Source material>
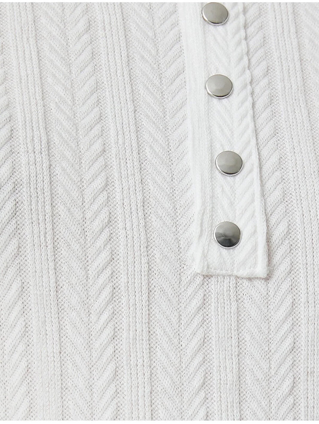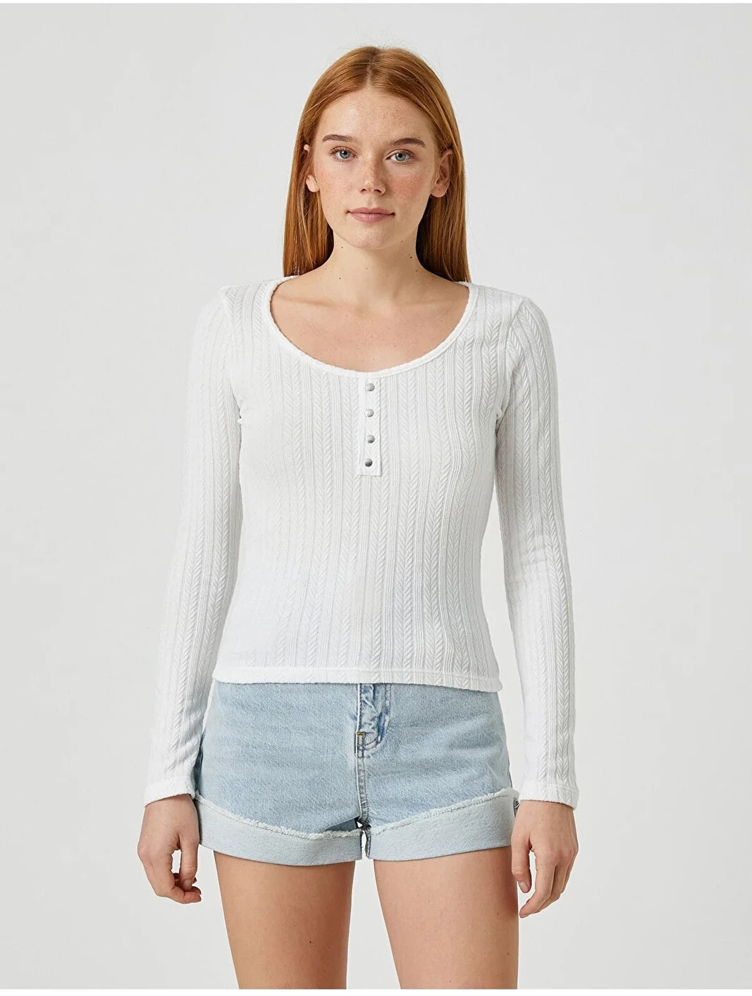 Konforu ve dinamizmi aynı potada eriten Koton Kadın Tişört modelleri stilinizin en popüler parçaları olacak. Yuvarlak yaka, düğme detaylı, uzun kollu tişört Koton yorumuyla sizlerle.
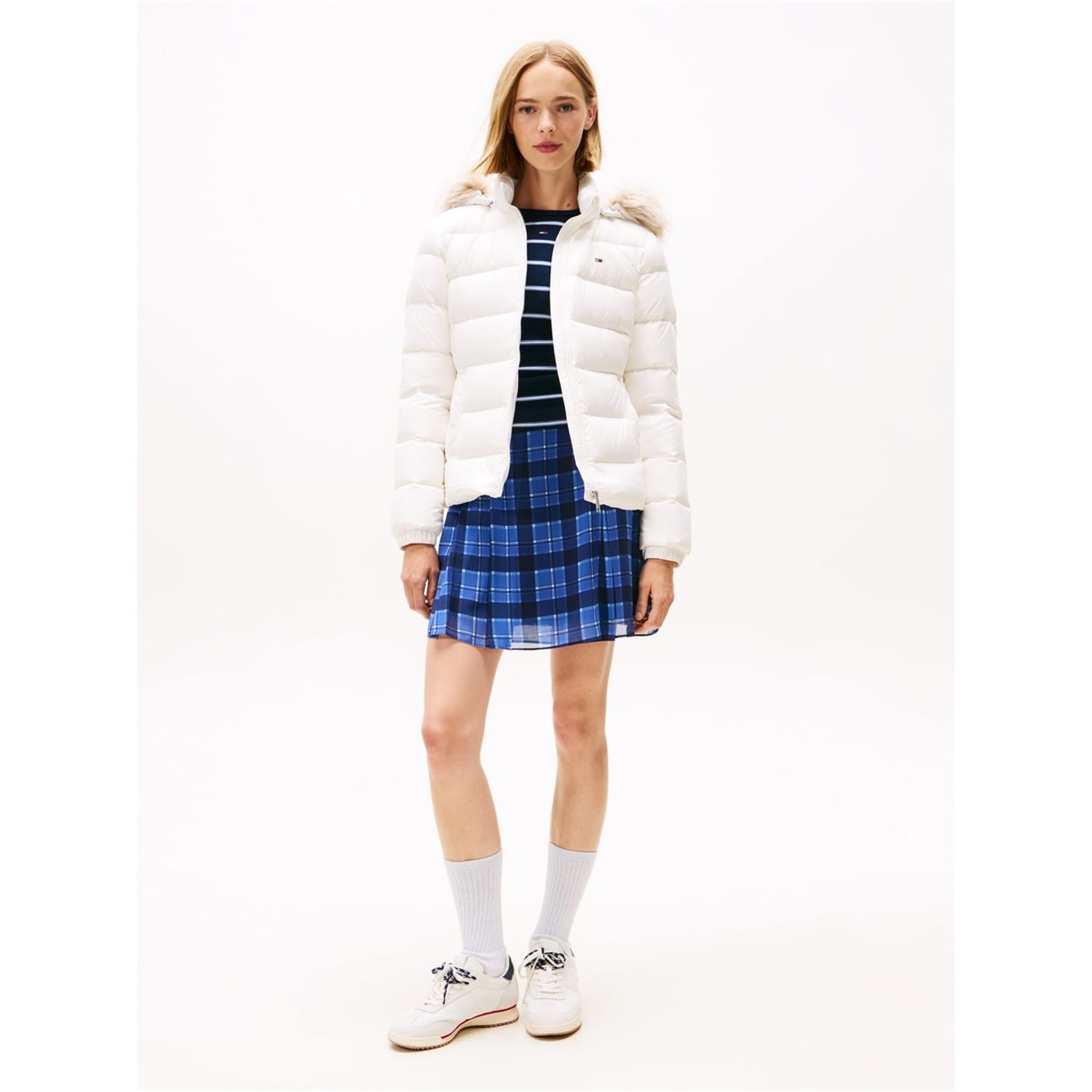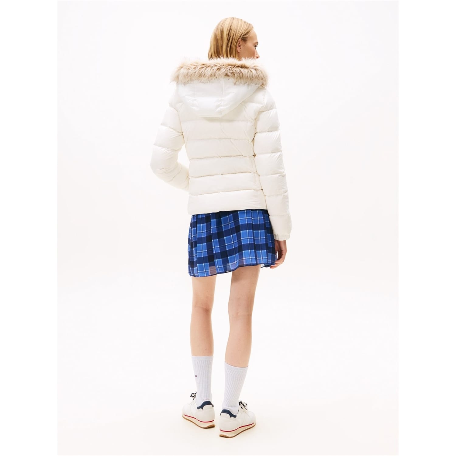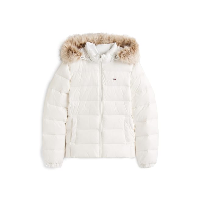 Add to your outerwear collection with the Tommy Jeans Essential Puffer Jacket. Crafted with long sleeves and a full zip closure, this piece features an all over quilted design. Complete with two side pockets and ribbed trims for a comfortable fit, this puffer jacket is finished with Tommy Jeans branding and a fur trim hood. Invest in this piece for the colder months.
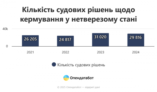 Кількість судових рішень про керування транспортними засобами у стані алкогольного, наркотичного чи іншого сп’яніння у 2024 році склала 29 816. Це на 14% більше, ніж до початку повномасштабної.
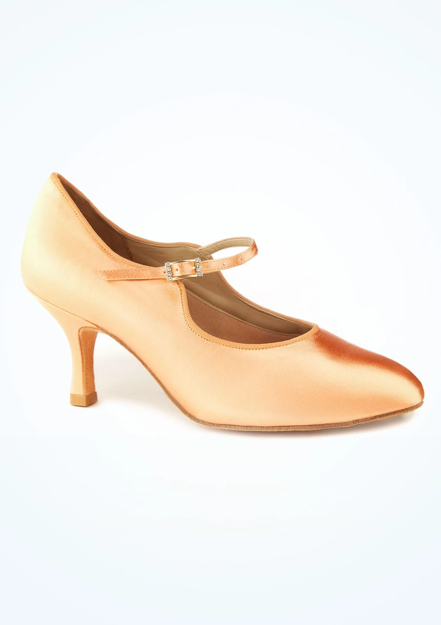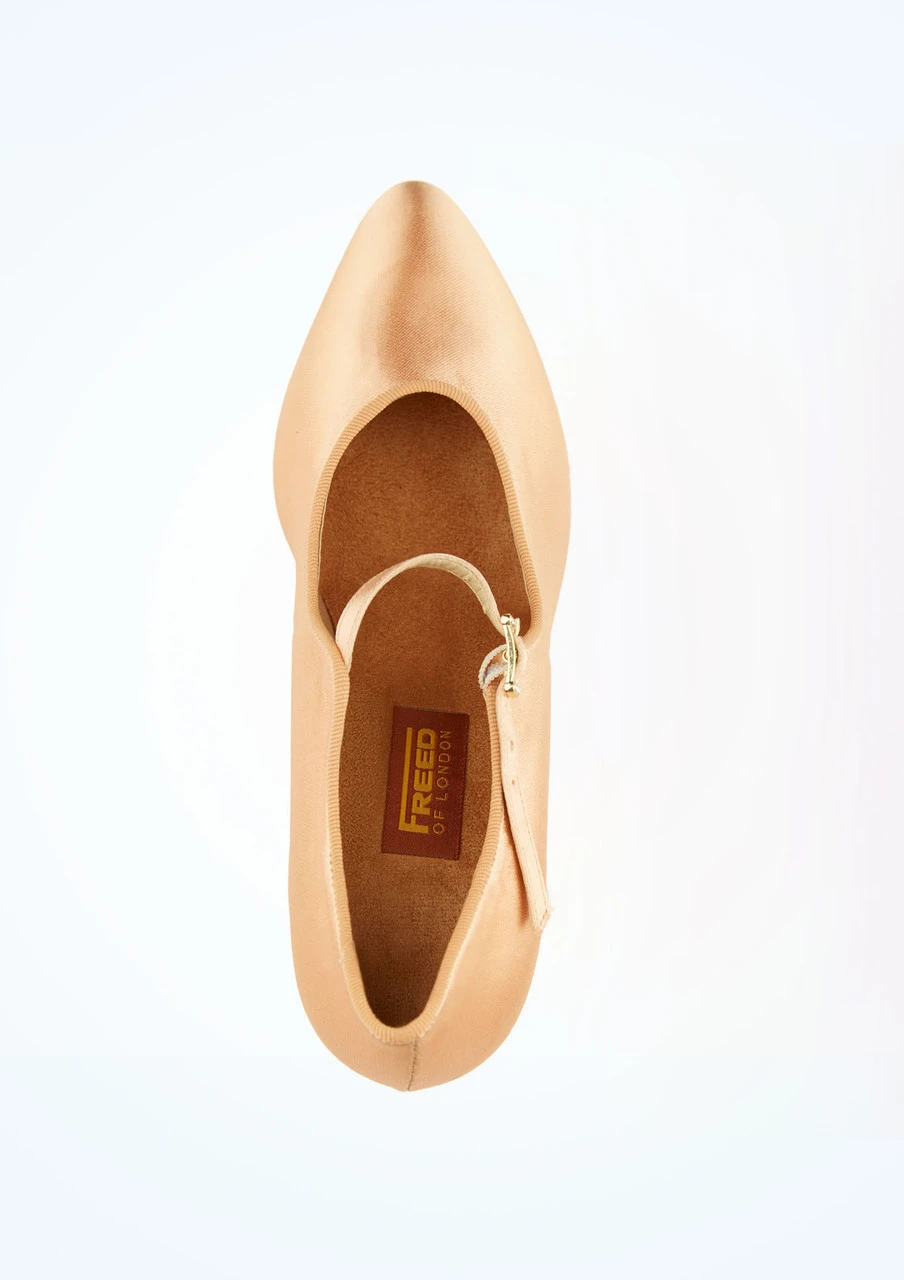 This mary-jane style court ballroom shoe from Freed is both practical and glamorous. The slightly pointed toe and slim flared give this shoe a distinctive shape that exudes elegance. Its satin upper is complemented by a sparkly diamante buckle. The straight across adjustable strap means this shoe will remain secure on the dancer’s foot.

Assignment> No pictures should appear in the copy. Print exactly the lines above from the line containing "Кількість судових рішень" through the last line of the data.

Task result>
 Кількість судових рішень про керування транспортними засобами у стані алкогольного, наркотичного чи іншого сп’яніння у 2024 році склала 29 816. Це на 14% більше, ніж до початку повномасштабної.
 This mary-jane style court ballroom shoe from Freed is both practical and glamorous. The slightly pointed toe and slim flared give this shoe a distinctive shape that exudes elegance. Its satin upper is complemented by a sparkly diamante buckle. The straight across adjustable strap means this shoe will remain secure on the dancer’s foot.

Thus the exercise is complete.